カウンセリングの中で起こる、一つの重要なターニング・ポイントとして、「見つけてもらう」という体験があります。
今まで親にも先生にも見つけてもらえなかった、クライエントさんの気持ちや意思、体験に、カウンセラーが気づくことができると、クライエントさんはハッとして、頷きながら、涙ぐまれることがあります。
例えば、クラスメイトからの嫌がらせに対して、気にしていないそぶりを見せていたけれど、本当は相手の卑劣さにひどく腹を立てていたこと、そして、誰もそれを止めてくれないことが悲しく、傷ついていたこと。
試験や就職の面接を、いつも難なくこなしているように見られるけれど、本当はその都度具合が悪くなるほど緊張して、張り詰めた気分で過ごし、最悪の事態を想定してはしんどくなって、試験や面接の後には疲れ果てて、何もしたくない気持ちになること。
こうした体験は、思いの外、他の人から見過ごされやすい部分です。
なぜなら、人は自分が不安になったり、嫌な気持ちになりたくないため、他者の不安や傷ついた気持ちまでも、ないものにしてしまうことがあるからのです。
「クラスメイトから嫌がらせを受けているようだけど、気にしている様子もないし、大丈夫だろう」
「緊張するっていつも言ってるけど、たいてい大丈夫じゃん」
と、表面に見せている様子以上のことには触れられないこともよくあります。
あるいは、「良かれと思って」あえて触れない場合もあるでしょう。
しかし、こういったことが続くと、私たちは、"大丈夫な自分"しか他者に見せられなくなっていきます。

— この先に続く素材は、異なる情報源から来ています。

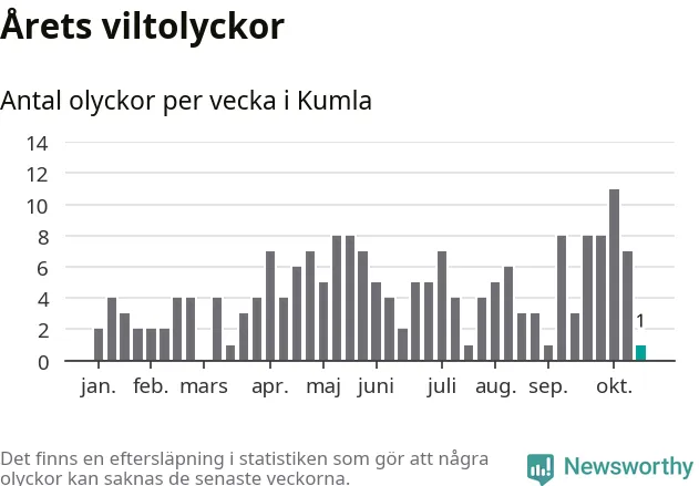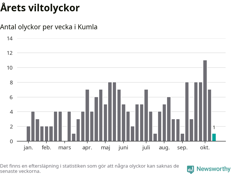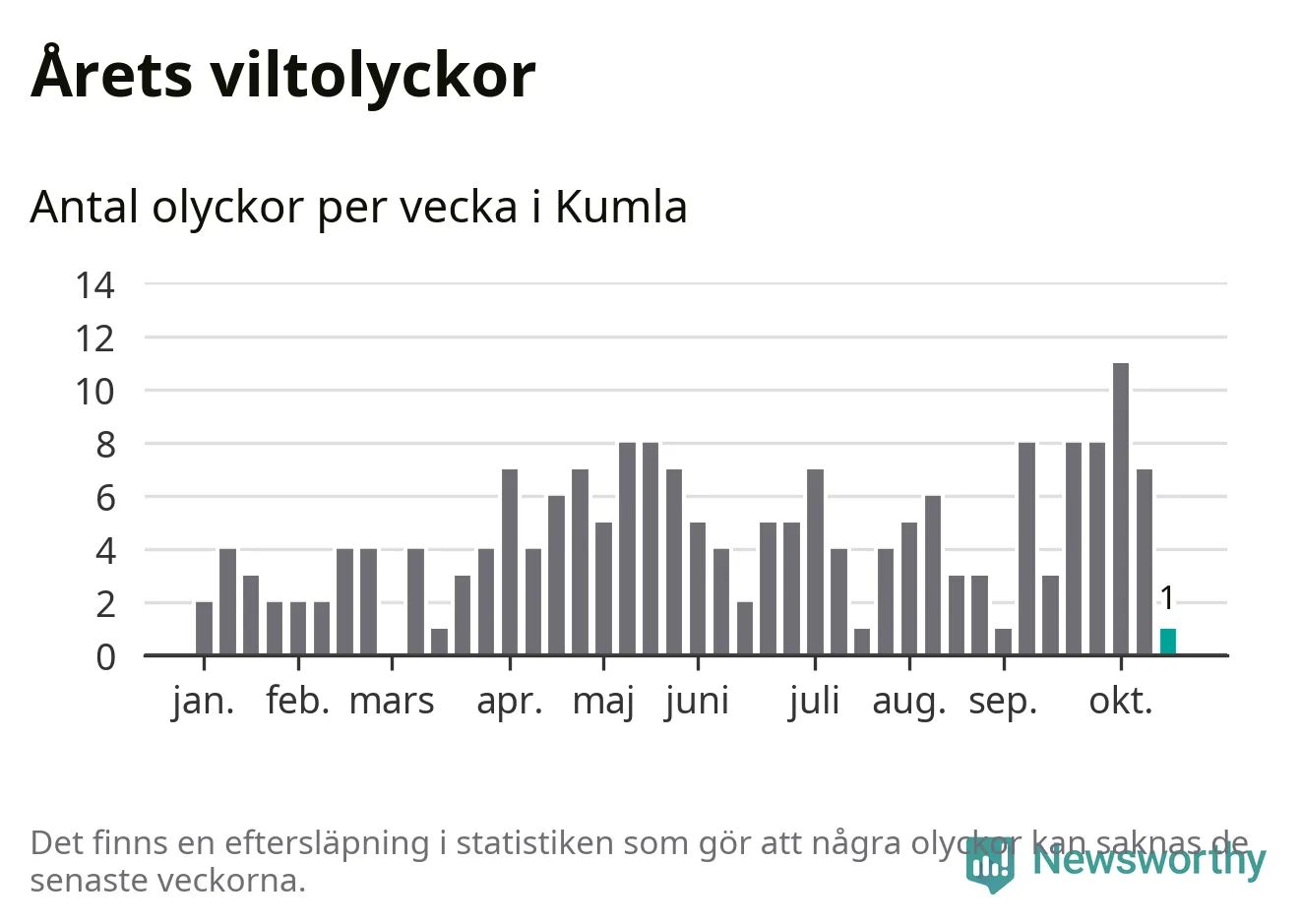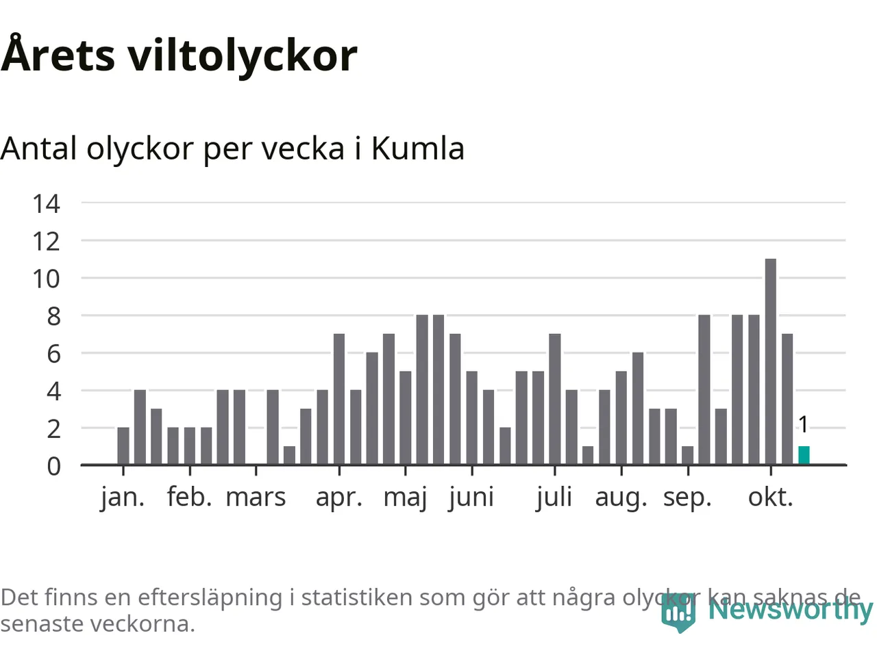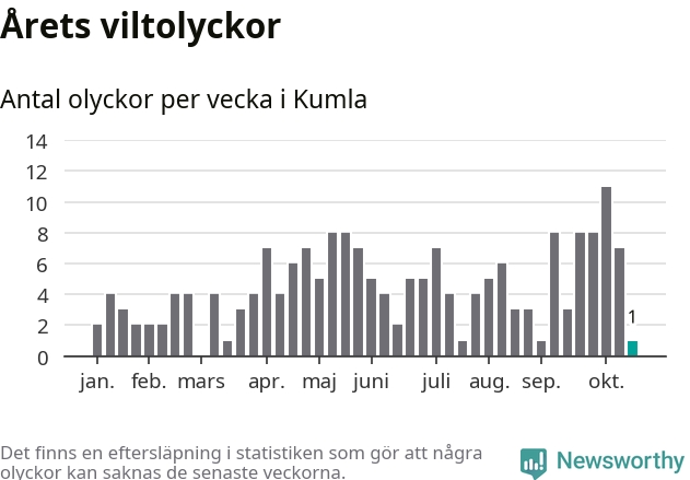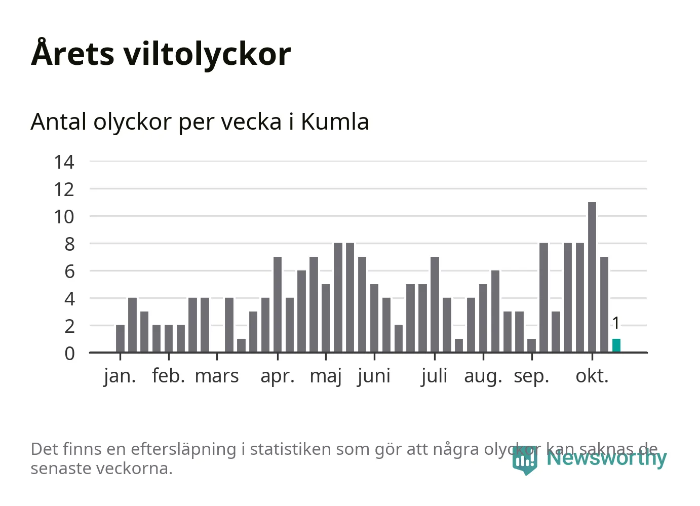 Från förra veckan (vecka 43) har hittills en viltolycka rapporterats in i Kumla kommun.

"大丈夫ではない自分"を見せても、周りが反応してくれない(無視される)どころか、否定されることさえあるからです。
こうした体験に、目を留めてもらえるだけで、人はエネルギーを取り戻すことができます。
カウンセリングを受けた経験がない方も、本や映画の中の登場人物の気持ちや、ある曲の歌詞を聴いて、「まるで自分のことを歌ってくれているみたいだ」「これこそ自分が感じていた気持ちだ」と思い、涙がこみ上げてきたことはないでしょうか。
今まで、誰の目にも止まることなく、"ないもの"にされてきた気持ちに、パッと光が当たる。
最初は、喜びよりも驚きの方が大きくて、思わず尻込みしてしまったり、当てられた光が眩しすぎて顔をしかめてしまうように、必ずしも初めからいい体験には思えないかもしれません。
でも、なぜだか涙が出る。ほっとする。
本当の自分を見つけてもらったような気持ちになる。
自分の中で死にかけていた部分が、息を吹き返すような感覚。
「見つけてもらう」という体験には、身体の芯にポッと火が灯るようなあたたかいエネルギーが伴います。
カウンセリングの場は、それが起こる、数少ない場所なのだと思います。